[Exercise directions]
Starting with the line that contains "A las 11:00" and stopping after the line that contains "フル装備 / CD /", return each line below exactly as written, with no others.

START Available records

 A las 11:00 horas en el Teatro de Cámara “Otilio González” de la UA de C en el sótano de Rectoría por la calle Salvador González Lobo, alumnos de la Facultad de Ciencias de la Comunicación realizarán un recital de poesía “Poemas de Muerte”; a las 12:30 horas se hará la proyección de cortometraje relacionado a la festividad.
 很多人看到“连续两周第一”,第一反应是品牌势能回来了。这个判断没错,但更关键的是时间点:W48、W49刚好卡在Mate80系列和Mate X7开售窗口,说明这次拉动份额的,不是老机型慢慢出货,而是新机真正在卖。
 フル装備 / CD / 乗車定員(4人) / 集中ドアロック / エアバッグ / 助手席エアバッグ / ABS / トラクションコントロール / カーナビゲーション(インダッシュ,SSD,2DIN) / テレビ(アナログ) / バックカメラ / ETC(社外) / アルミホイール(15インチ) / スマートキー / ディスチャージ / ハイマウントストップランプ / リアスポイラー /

END Available records
START Available records

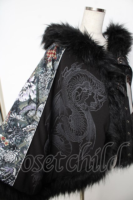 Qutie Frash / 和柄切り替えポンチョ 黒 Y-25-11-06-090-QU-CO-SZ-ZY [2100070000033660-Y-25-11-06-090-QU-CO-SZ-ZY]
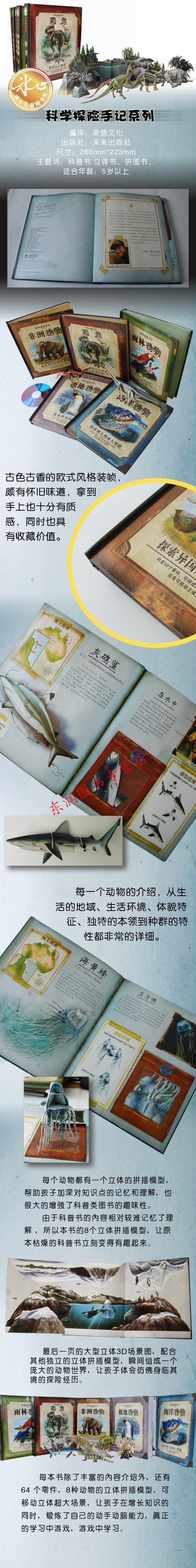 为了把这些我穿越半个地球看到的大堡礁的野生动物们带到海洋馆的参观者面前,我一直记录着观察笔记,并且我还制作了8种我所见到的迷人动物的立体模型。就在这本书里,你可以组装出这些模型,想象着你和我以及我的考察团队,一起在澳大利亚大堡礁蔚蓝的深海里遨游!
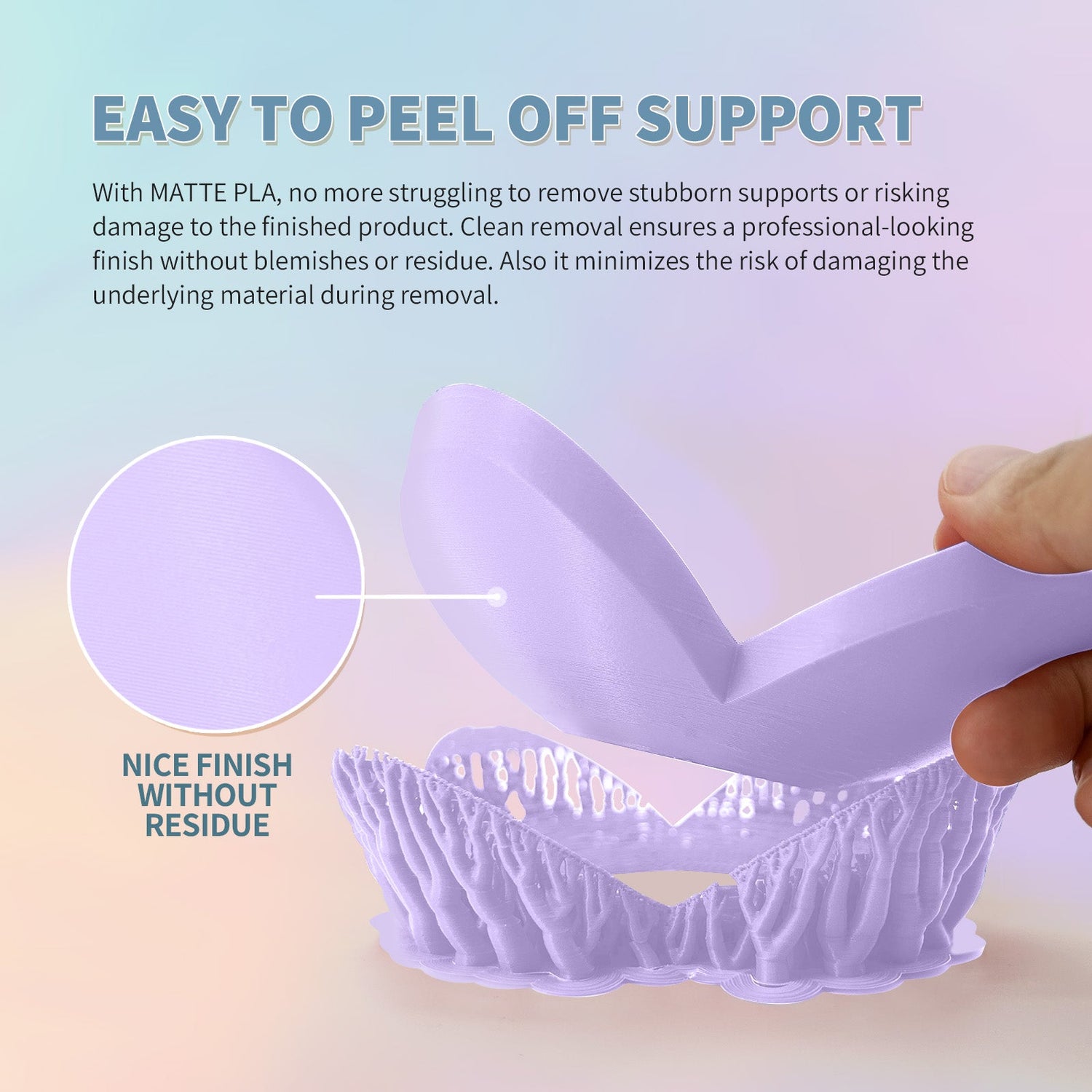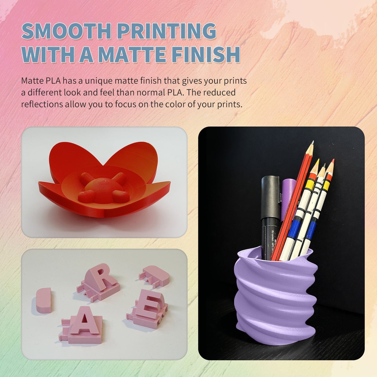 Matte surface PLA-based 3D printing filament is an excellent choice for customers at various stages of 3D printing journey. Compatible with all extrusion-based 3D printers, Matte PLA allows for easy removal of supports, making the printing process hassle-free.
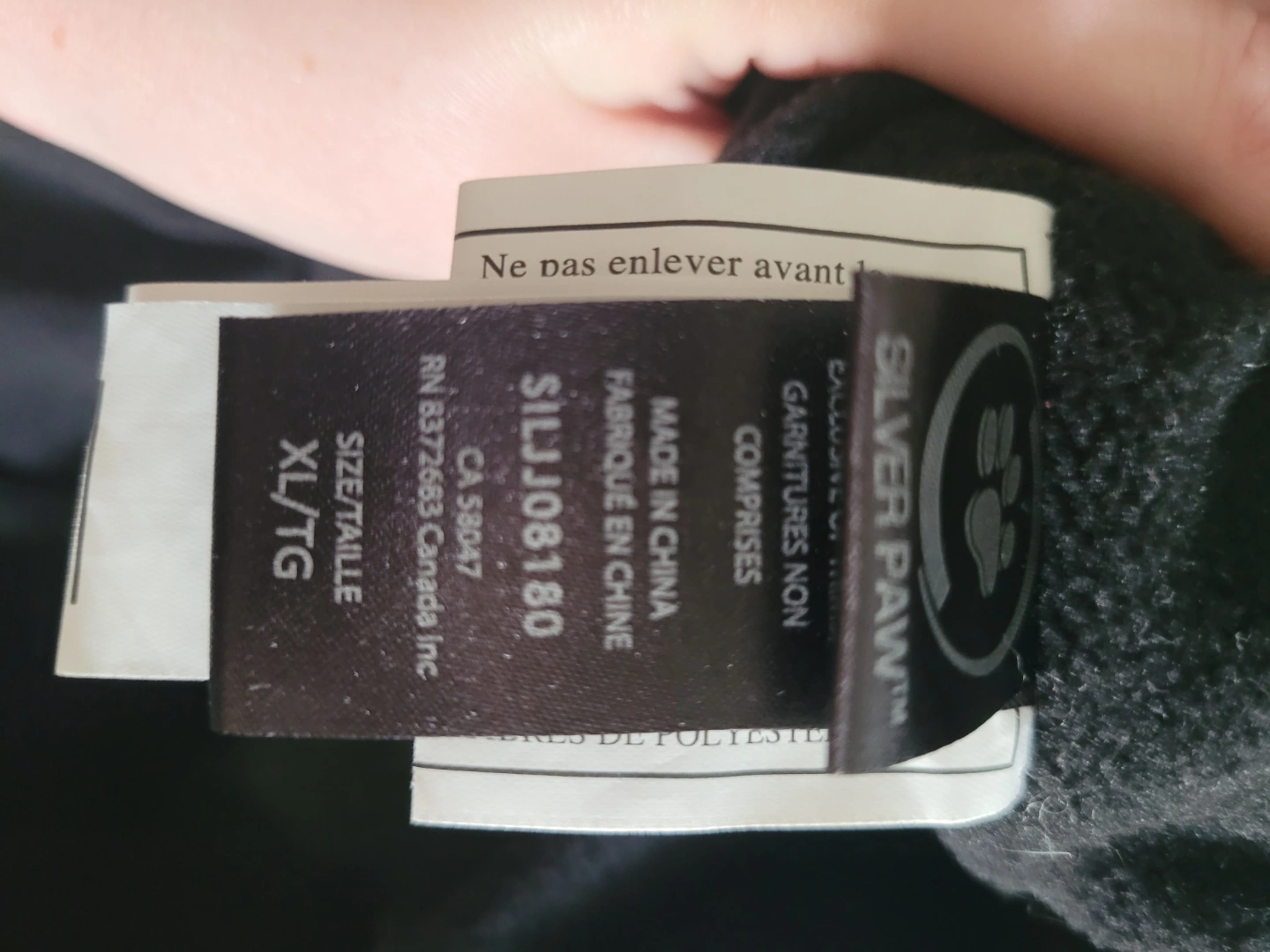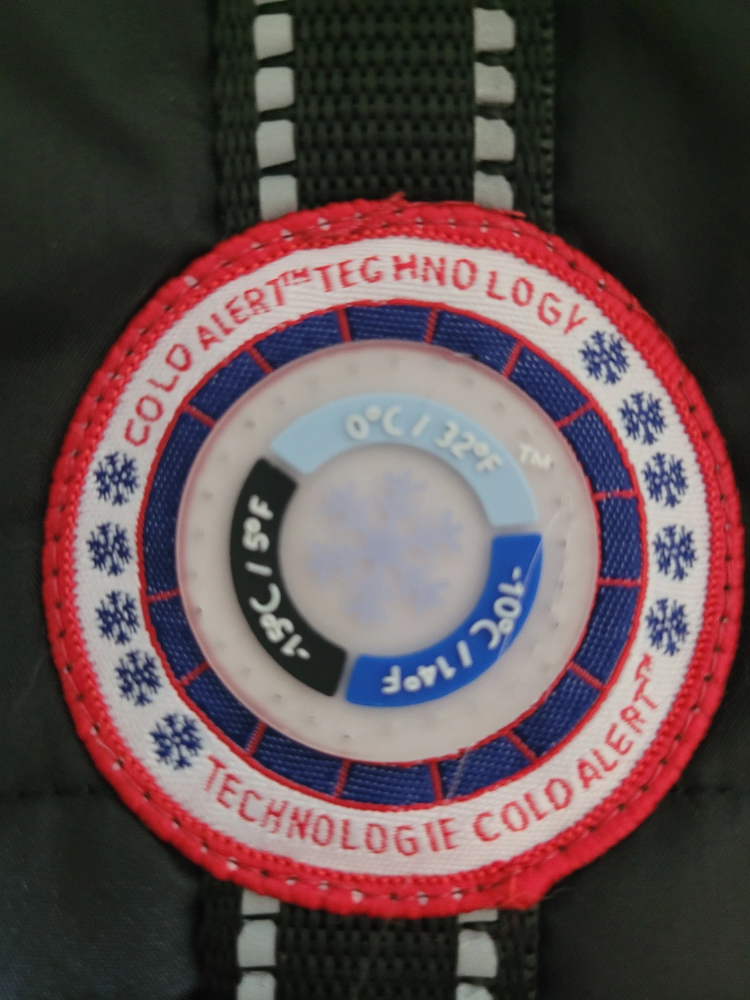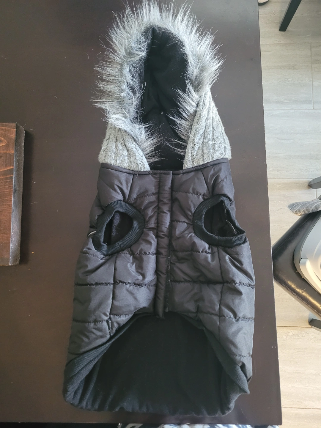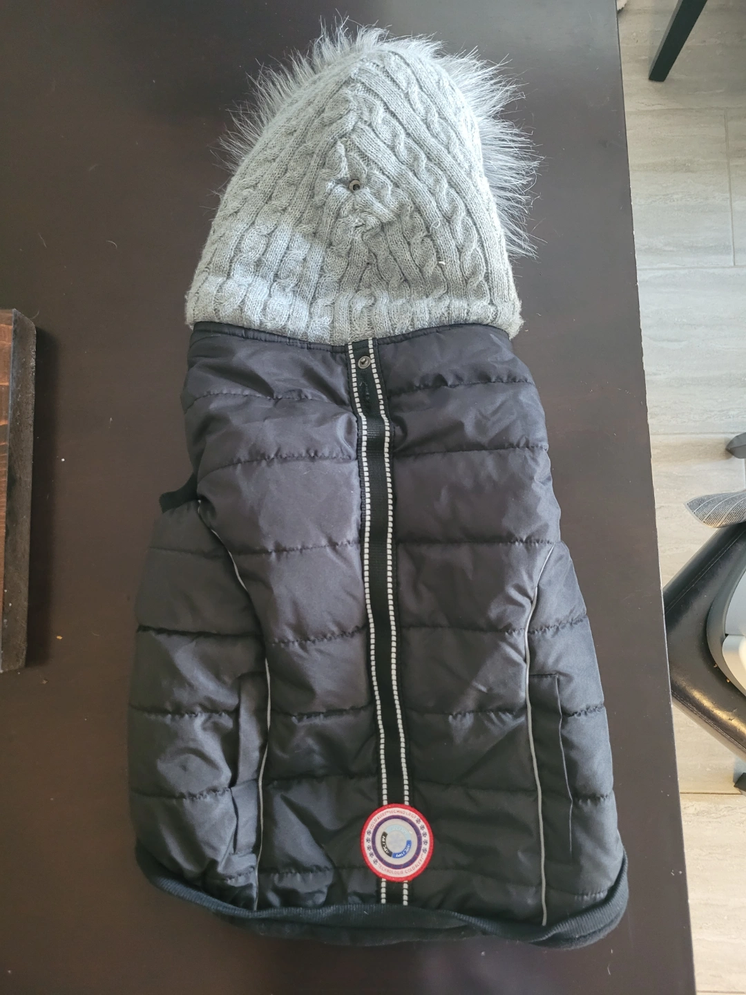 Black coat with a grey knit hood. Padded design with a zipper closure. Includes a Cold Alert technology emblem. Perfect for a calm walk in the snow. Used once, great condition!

END Available records
START Available records

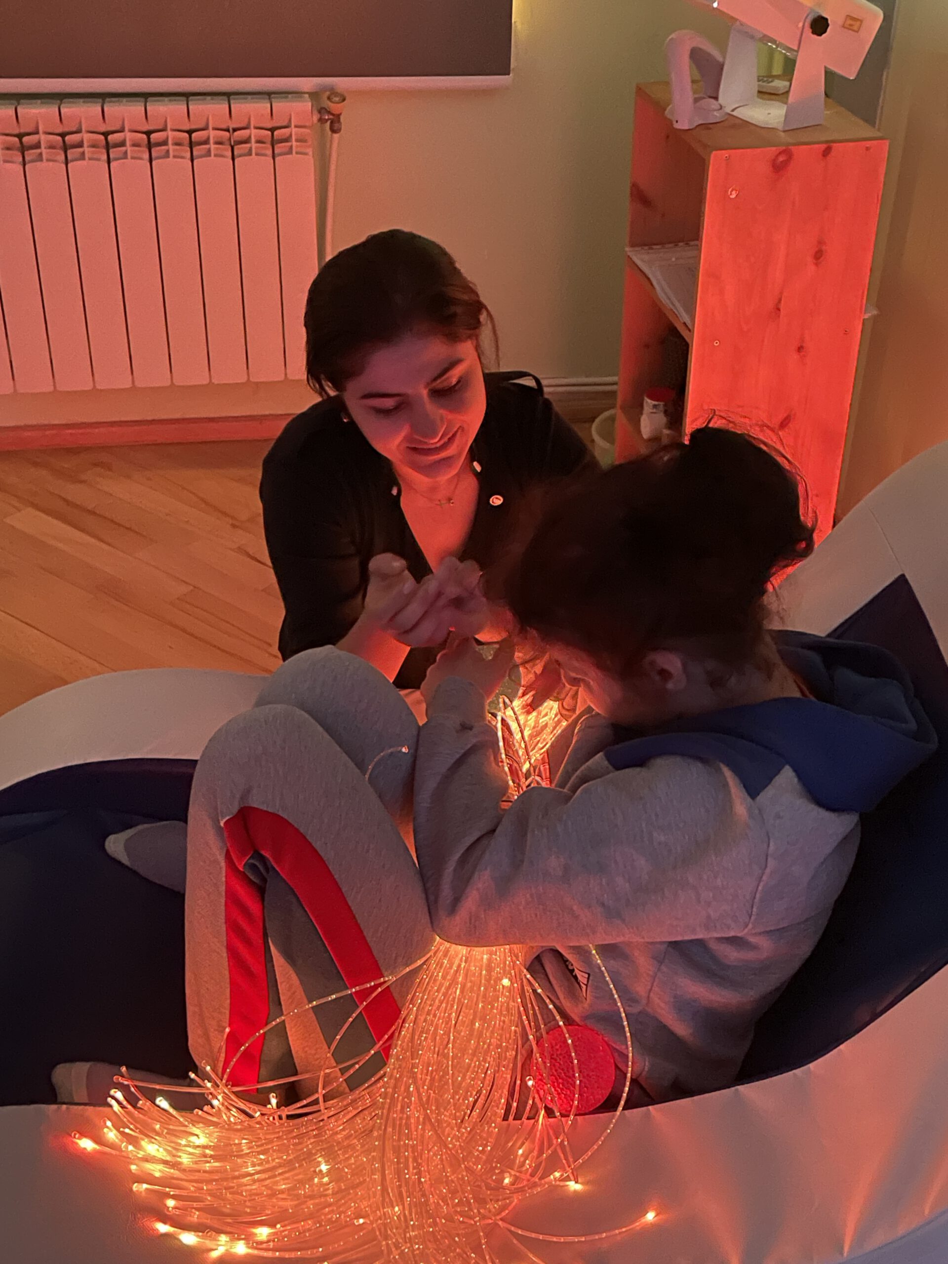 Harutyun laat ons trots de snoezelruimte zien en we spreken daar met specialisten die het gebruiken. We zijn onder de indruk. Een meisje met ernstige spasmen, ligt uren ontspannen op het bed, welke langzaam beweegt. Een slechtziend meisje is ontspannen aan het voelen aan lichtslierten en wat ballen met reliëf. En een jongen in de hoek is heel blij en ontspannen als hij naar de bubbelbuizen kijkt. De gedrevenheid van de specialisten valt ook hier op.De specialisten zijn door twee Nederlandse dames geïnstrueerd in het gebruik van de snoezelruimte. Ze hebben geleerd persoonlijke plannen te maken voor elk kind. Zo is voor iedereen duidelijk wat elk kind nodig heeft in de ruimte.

END Available records

[Exercise solution]
 A las 11:00 horas en el Teatro de Cámara “Otilio González” de la UA de C en el sótano de Rectoría por la calle Salvador González Lobo, alumnos de la Facultad de Ciencias de la Comunicación realizarán un recital de poesía “Poemas de Muerte”; a las 12:30 horas se hará la proyección de cortometraje relacionado a la festividad.
 很多人看到“连续两周第一”,第一反应是品牌势能回来了。这个判断没错,但更关键的是时间点:W48、W49刚好卡在Mate80系列和Mate X7开售窗口,说明这次拉动份额的,不是老机型慢慢出货,而是新机真正在卖。
 フル装備 / CD / 乗車定員(4人) / 集中ドアロック / エアバッグ / 助手席エアバッグ / ABS / トラクションコントロール / カーナビゲーション(インダッシュ,SSD,2DIN) / テレビ(アナログ) / バックカメラ / ETC(社外) / アルミホイール(15インチ) / スマートキー / ディスチャージ / ハイマウントストップランプ / リアスポイラー /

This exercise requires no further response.